Acting CEO of the National Student Financial Aid Scheme (NSFAS), Masile Ramorwesi, during a briefing to the Parliamentary Portfolio Committee on Higher Education, detailed their plans for the current academic year, highlighting how they were aware that there were risks to cutting the student funding, such as student protests.
He said insufficient bridging finance options could have a “severe impact” on the sector as NSFAS may not be able to pay allowances on time and when most needed by students at the beginning of the financial year.
Thankfully as the academic year began, the minister and the scheme’s acting chairperson, Professor Lourens van Staden, came through with a temporary solution of allowing the institutions to disperse the allowances, by ensuring the release of funds earlier.
Universities were roped in to operate as a channel to pay student allowances for February and March.
Many have criticised the announcement, citing concerns about the challenges of corruption, and a shortage of allowances at institutions.
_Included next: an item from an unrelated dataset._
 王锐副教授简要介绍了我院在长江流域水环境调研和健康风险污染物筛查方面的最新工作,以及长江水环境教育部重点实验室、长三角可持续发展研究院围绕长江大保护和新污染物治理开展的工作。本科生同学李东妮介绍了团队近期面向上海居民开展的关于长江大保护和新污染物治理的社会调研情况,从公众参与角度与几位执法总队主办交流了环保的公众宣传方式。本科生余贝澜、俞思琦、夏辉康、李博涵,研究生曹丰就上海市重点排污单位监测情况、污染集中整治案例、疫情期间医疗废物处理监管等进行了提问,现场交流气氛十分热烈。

The biggest setback, however, has been for those students who have had to seek alternative institutions to study further, and for the sector, the deregistration of a number of private institutions.
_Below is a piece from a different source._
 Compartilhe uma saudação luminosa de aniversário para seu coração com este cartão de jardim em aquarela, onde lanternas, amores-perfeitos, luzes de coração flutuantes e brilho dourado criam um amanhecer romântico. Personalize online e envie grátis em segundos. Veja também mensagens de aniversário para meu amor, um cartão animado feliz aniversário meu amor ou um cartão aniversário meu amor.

Scores of students face being left stranded after the recent decision by the Department of Higher Education and Training to deregister a number of colleges belonging to the Educor group. The group’s institutions include Damelin, CityVarsity, Icesa City Campus and Lyceum College. In a statement posted in the
Government Gazette on March 19, the department’s director-general cancelled the registrations because the institutions had failed to submit audited financial statements since 2020.
Concerns that South Africa’s higher education sector is heading off the rails cannot be dismissed any longer.